What
is Mind? We talk about mind a lot, but what is it? Where is it? I ask my grandchildren and they point to their head, but that's not the mind – that's your brain.
Saying your brain is your mind is a bit like equating your computer
with the stuff it does. Besides, we now know that your mind exists
and is at work in every living cell of your body; it's not limited to
your brain.
Is
your mind real? Or is it just an appearance like (as someone once
said) –
like the wind in the breeze, ruffling the trees in the charcoal
drawing on Japanese rice paper?
Maybe that's why mind is so hard to get a handle on. Despite the fact
that we all have a mind, no surgeon on earth can point to it or
photograph it, or cut it out, but we can all see evidence of where it
is moving.
My
favourite definition of the Mind, and its purpose, comes from Werner
Erhardt:- Mind is a linear arrangement (like DNA necklace) of multi-sensory, total
records of successive moments of Now. The purpose for having a mind
is the survival of the mind itself, and of anything the mind
considers itself to be. That
may include the survival of your body/mind; it may not. The main
purpose of the Mind is the survival of its ideas, concepts, opinions,
judgments and beliefs, and anything else It considers important at
the time.

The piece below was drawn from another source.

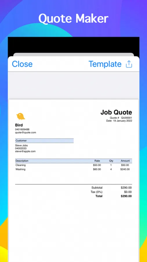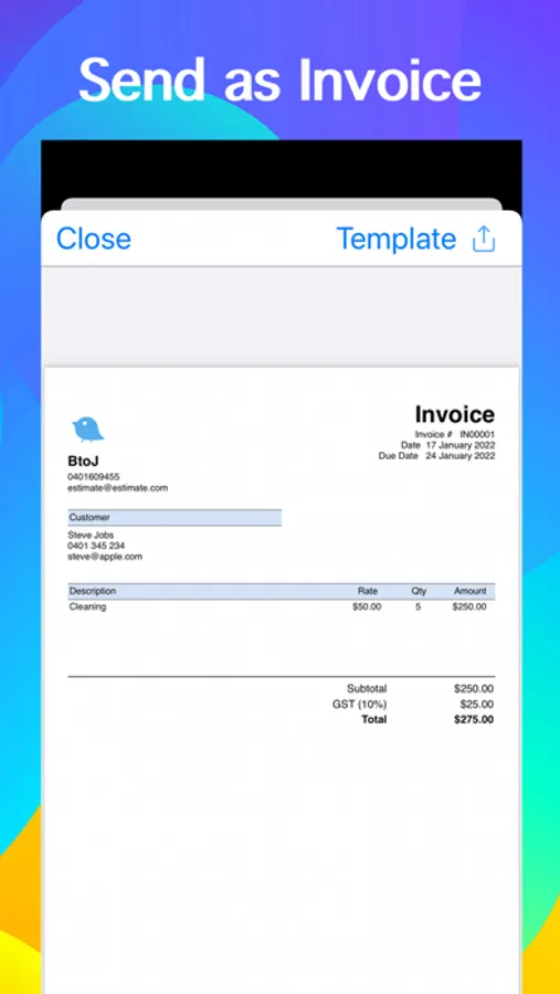 Create and send professional job quotes on the spot. Turn quotes into invoices by a single tap. Close more business deals.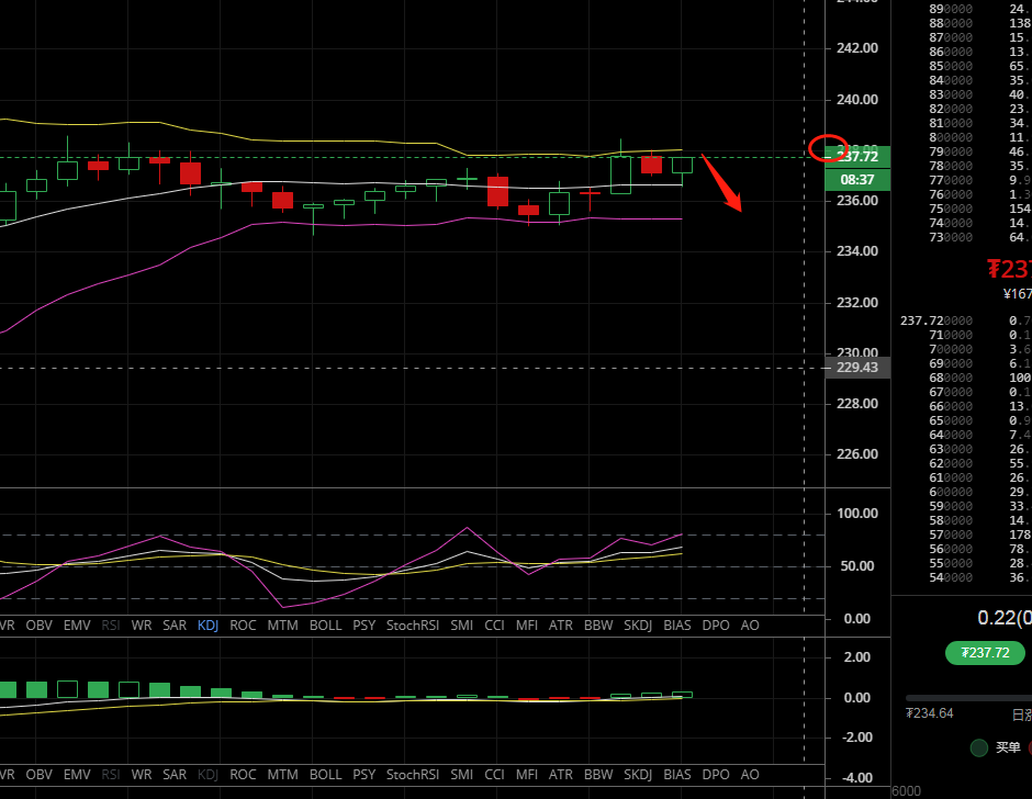 以太坊目前还是联动比特币,小时线来看,晚间上涨至布林带上轨压力位238回落,目前价格运行在布林带中轨上方,MACD多头能量均衡放量,快慢线在零轴附近粘合,KDJ位于50轴上方拐头向上散发。

You don't have much of a say in the matter, at least while
you think those things are who you are.
How powerful is Mind? The
Australian aborigines point a bone at someone and they die.
Someone tells you something about yourself and you take it on board.
Same difference.
During
our childhood, we all, at some point in time, overlooked our own
experience, and allowed our mind to believe what it was told, by someone whose approval was more important to us then than our own integrity. We
bought into the opinions of others about us. We still do. No wonder we now don't
have a clue who we are. Our minds are stacked to the rafters with
umpteenth-hand stuff that didn't work for those who unloaded it on
us, and it's now turning our present lives into a righteous royal
mess.
Our
ideas, concepts opinions and beliefs about everything, all need to be
turned over and examined in the light of our own raw experience. Any
that don't fit should be turfed out and the space used to be
simply aware of what happens next.
Each
mind is the ultimate in self-centredness and image. Your mind, like
mine, wants to look good, keep itself safe, protect its beliefs, justify its
points-of-view, its conclusions and its decisions; it wants to seek
agreement and validation from other minds, avoid disagreement and
invalidation, and to be right, at any
cost. Are you getting reminders now of positions you've been so
right (or so wrong) about lately? Good.
You
cannot live this life without a mind. It's an essential messenging service. But
it belongs on the ground floor, not in the CEO's chair in penthouse
boardroom. The trick, I'm finding so far, is to just allow your mind
to be. Examine it, by all means, and get to know how it works. But
for God's sake, let it be – resistance to it is futile because you
become
what you resist. And I, for one, don't want to be at the mercy of my mind any more. I'm not my mind, and I never have been, but I didn't know
that until I started to wake up and realise the mind isn't real –
and I'd got suckered into believing and pretending myself to be
everything my mind wanted me to be. What a mess that made!
Simply
wake up to what your mind is up to. Watch it do its routines and run
its rackets: don't get involved. Mind is handy to have ---
fortunately, because I don't think we have a choice about that. But
its value is way overrated. We don't have to continue being
our mind and hoping for a better result. That is, frankly, insane.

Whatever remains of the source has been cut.